Rational guilt is a different animal. Instead of violating some imposed rule, rational guilt comes from violating our own self-initiated and grounded values. Instead of coming out of our anxious, little-kid brain, it comes from our adult one. Instead of the irrational guilt built around our making or not making someone happy, rational guilt comes from our not living up to our own integrity and standards, our own moral code. With rational guilt, we are not plagued by irrational fears about the consequences of our actions or obsessed about outcomes because our decisions and actions are dependent on our values and are independent of what happens next.

Finally, when we listen to our conscience and follow our values, everything settles. There are no nagging pangs, no building up of resentment, no martyrdom, and no expectation of how others should appreciate what we're doing. We feel at peace with ourselves because we simply did what we in our hearts needed to do.

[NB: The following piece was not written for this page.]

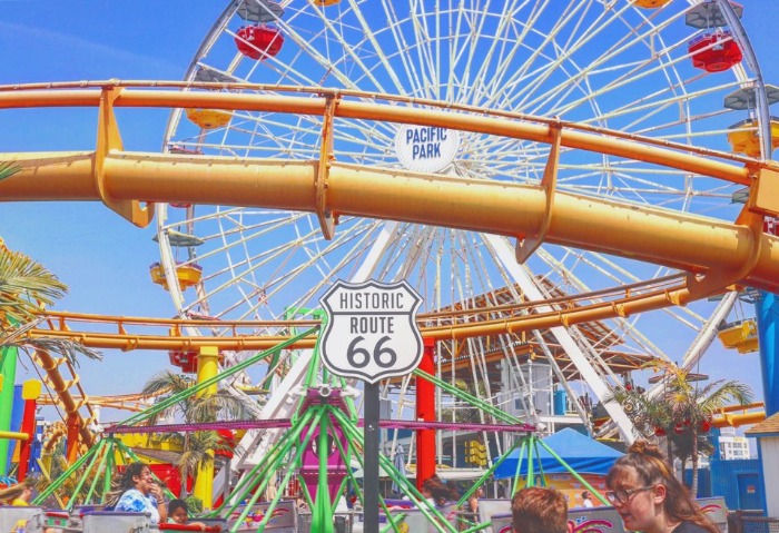 다양한 색상을 가진 산타모니카의 해변, 그 곳에 있는 66번 국도와 작은 놀이동산,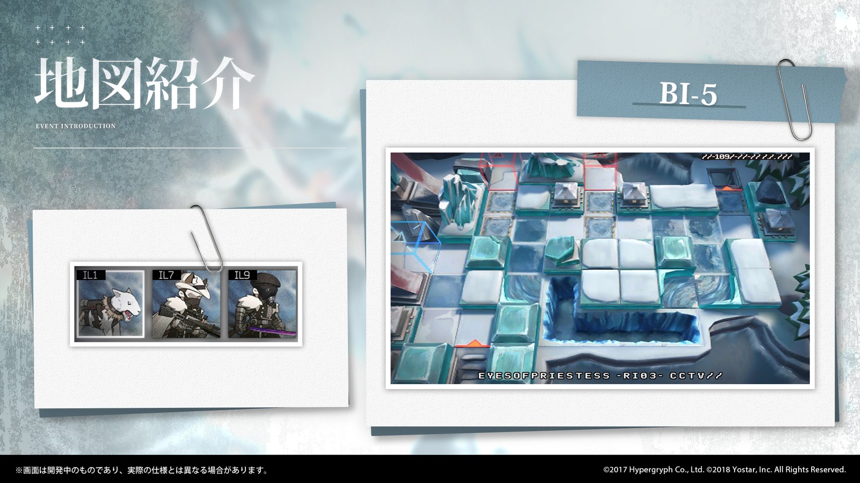 イベントステージ「BI-5」では、狭い雪境の戦場で敵と戦います。「氷面」と「氷のカーブ」を利用して敵を落とし穴に落とす手もあるようです。

So how do we sort this all out when guilt begins to stir within us? Here are some guidelines:

  • Look out for shoulds. When you find yourself talking to yourself in that way, mentally raise an eyebrow and ask yourself where this may be coming from. Parents, societal expectations? What/where outside yourself?
  • Look for anxiety about the reactions of others, consequences, and possible outcomes. If your rational brain knows that your fears are irrational, if the guilt hangs on how things turn out, it’s a good sign that all this is not coming from your adult core.
  • Define your own values and stance. Step back and reflect on what you believe in your gut, your heart. Jake thinks about his own values and visions of being a father. Ann decides for herself her definition of commitment and its boundaries, or about her happiness versus that of others, or recognizes the limits of her own control and responsibility. This is not about creating rationalizations but defining for yourself what it is you truly believe.
  • Take action. Act on your values. Do you feel more settled? Even proud? A good sign. If not, have you fallen short of your values in some way? Are you back to little-kid anxiety about outcomes and everyone needing to be happy?
  • Label irrational guilt as irrational guilt. Calling it what it is helps put some distance between you and these guilty feelings. It also helps you mentally separate out your past and little-kid feelings from present adult ones. This labeling will help dampen the little-kid anxiety that may get stirred in your first attempts to go against the “rules” in your head.
  • Pat yourself on your back. By rationally and reflectively sorting through your values and visions, stepping up, and proactively acting on them, you literally will begin to rewire your brain and move away from your guilt-infused past. Time to applaud your bold action.

So are you ready to give up irrational guilt? Are you ready to follow your own values...for a change?